The benefit freeze continues…

Mr Hammond disregarded the cries for an end to the ongoing freeze on working age benefits. This was met with high criticism as this will leave recipients with a £200 financial squeeze next year, which will rise to £580 after including the full impact of the freeze itself.

 

Fast-tracked apprenticeships

It was announced in the 2018 Autumn Budget that the government planned to introduce a £700 million reform targeted to small businesses to help them hire more apprentices. The Spring Statement declared that this now be introduced at the beginning of the next financial year in April.

 

Social Care will be reviewed

Whilst there were no major declarations made in terms of social care, the Chancellor did promise that it will become part of a wide-ranging summer spending review.

 

Employment growth

The OBR have predicted 600,00 jobs by 2023 and for wage growth to increase by 3% or higher every year. However, this once again is dependent on parliament coming to a reasonable exit deal with the EU.

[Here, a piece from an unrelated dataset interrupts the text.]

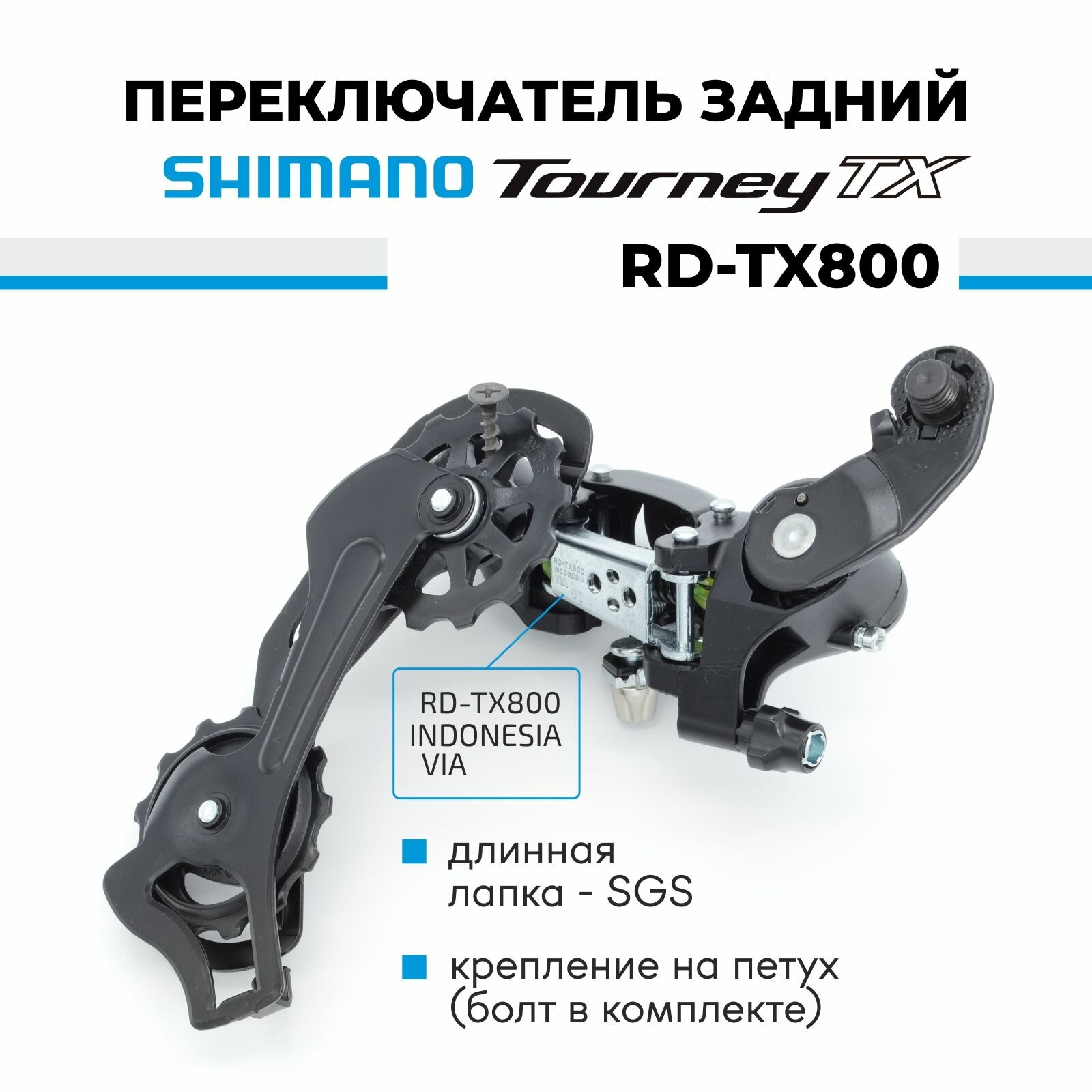 Переключатель задний для велосипеда Shimano Tourney RD-TX800, 7/8 скоростей, крепление на петух интересное:

The Chancellor did assure that should an exit deal be secured, he would conduct a spending review before the 2019 Autumn Budget. This will ultimately decide how any spare cash will be spent – which could be anything from increasing service spending to maintaining low taxes.

However, given the indecision currently surrounding Brexit, Parliament is more divided than ever. With the deadline continually being delayed, all these promises could turn out to be empty ones.